On ne parle pas beaucoup de ce film, qui a pourtant tout pour être une cause célèbre... Une star en fin de course qui profite de sa dernière occasion de briller dans un premier rôle, une production internationale (scénario, distribution et studio français, réalisateur Italien, star Américaine, techniciens Allemands et extérieurs Espagnols...), et par dessus le marché un problème de timing particulièrement important: commencé en plein muet, sorti synchronisé et doublé puisque sa star ne parle pas un mot de français... ce qui se voit, et se lit sur les lèvres.

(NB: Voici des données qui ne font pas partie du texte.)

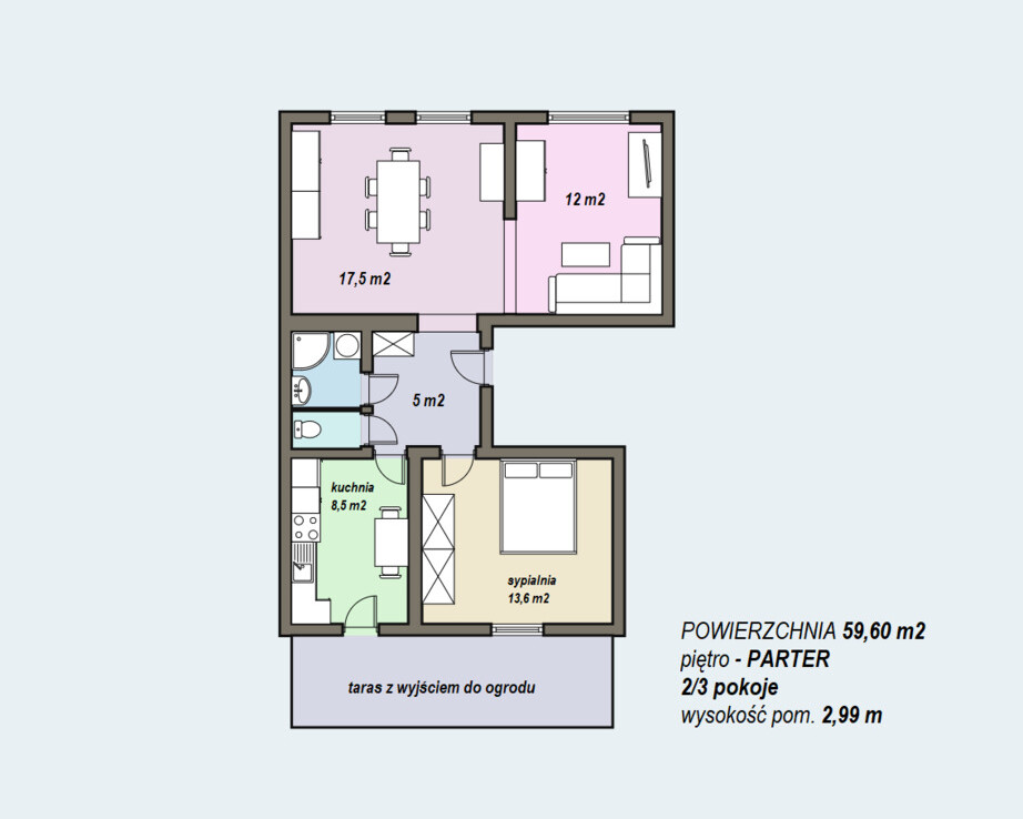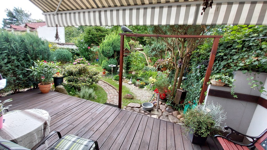 Przestronny salon z kominkiem (powstał z połączenia 2 pokoi – łatwa możliwość przedzielenia) sypialnia z oknem wychodzącym na zieleń, kuchnia z wyjściem na taras i do pięknie zagospodarowanego ogrodu oraz oddzielne wc i łazienka z prysznicem.

Le film devait être une réalisation de René Clair, mais ça ne s'est pas fait; il signe par contre l'argument, aussi simple que peut l'être Sous les toits de Paris: Lucienne (Louis Brooks) est en couple avec André (George Charlia), et il est jaloux, mais jaloux... La jeune femme, qui est dactylo, rêve de participer à un concours de beauté, et s'inscrit malgré les réticences de son fiancé... Et évidemment elle gagne: le couple va se déchirer à la suite de l'affaire...

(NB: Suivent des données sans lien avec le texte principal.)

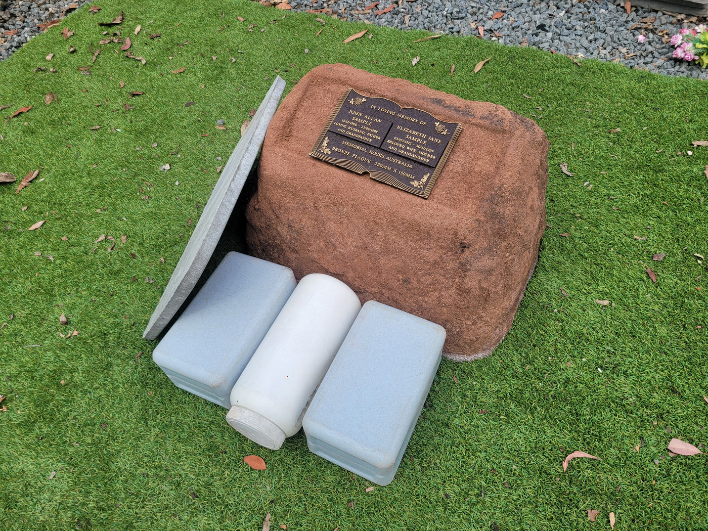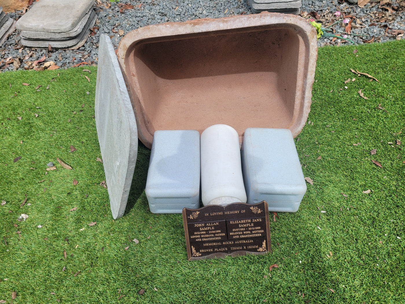 Proudly an original Australian product idea operating since 2009. Extra-Large Size Weight (approx. 30 kg) Memorial Rock/Stone/Urn with a sealable internal cavity for the safe-keeping of a loved one's ashes. Holds one or two or three standard Australian sized ash containers (as demonstrated in photos), plus memorabilia. Size Approx. 600mm x 440...

Le miroir aux alouettes et l'illusion des paillettes, la difficulté à opérer une véritable ascension sociale, la jalousie, les moteurs mélodramatiques ne manquent pas pour une héroïne qui a autant envie de rêver que de s'en sortir: rêver, c'est justement, probablement, le point qui a motivé René Clair, mais le film me paraît peu en phase avec son oeuvre. D'une part parce que Gennina en a gommé toute fantaisie au profit d'une étonnante et souvent efficace peinture des milieux, des contrastes entre les deux vies possibles de Lucienne la dactylo. Avec son André si terriblement jaloux , elle aurait un peu d'affection et très peu de glamour. Avec les hommes qui guettent les miss, et qui tentent de les séduire et les exploiter elle bénéficie d'un rêve glauque et probablement de courte durée: le film nous conte le choc de ces deux mondes en même temps que le choc entre le prolétariat des années 20 et 30 et une certaine vision de la bourgeoisie. 

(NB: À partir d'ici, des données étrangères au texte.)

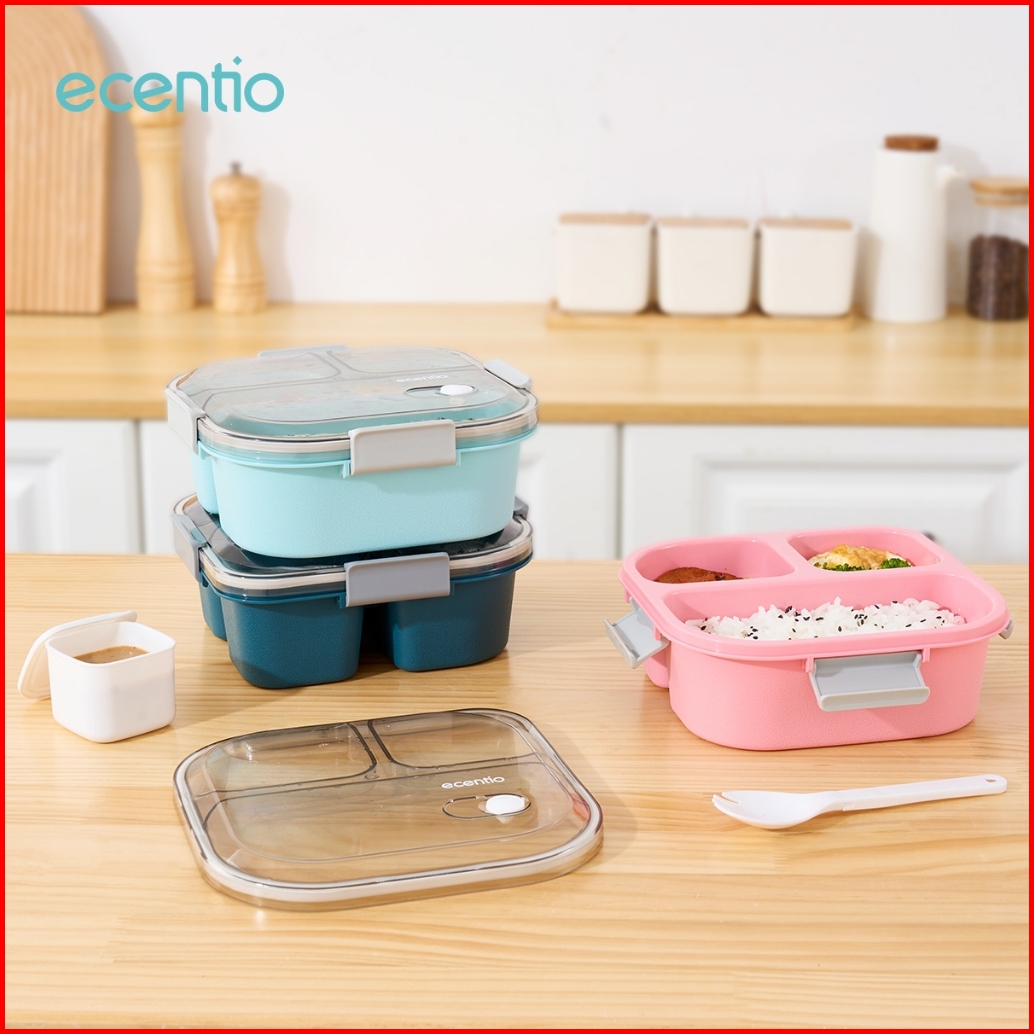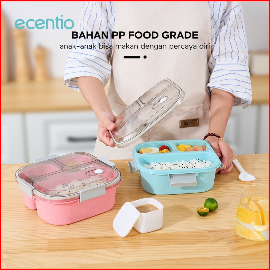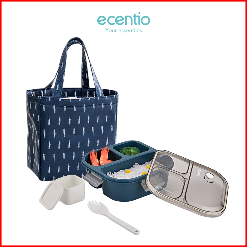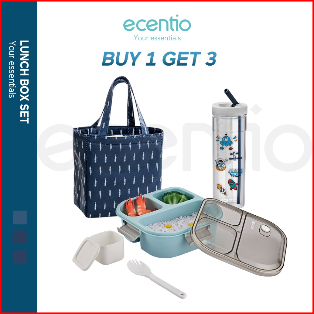 Ecentio Lunch Box Set Tas Bekal Makan Anti Tumpah 3 Sekat Dan Botol Minum

Louise Brooks est excellente, à condition bien sûr de regarder la version muette exhumée ces dernières années, qui font de Prix de beauté un bien meilleur film que le bricolage dégoûtant sorti en août 1930. Le film est plus long, plus fluide aussi... La tentation du son y est bien présente (nombreux plans de "machines parlantes", radios, phonographes, etc), et aurait pu être l'affaire d'une ou deux chansons, le reste tient la route presque sans intertitres. C'est souvent du grand cinéma muet, avec cette attention toute particulière du détail, de l'environnement, ces mouvements de caméra et cette place donnée au suspense. A ce titre, la dernière bobine est tout simplement remarquable...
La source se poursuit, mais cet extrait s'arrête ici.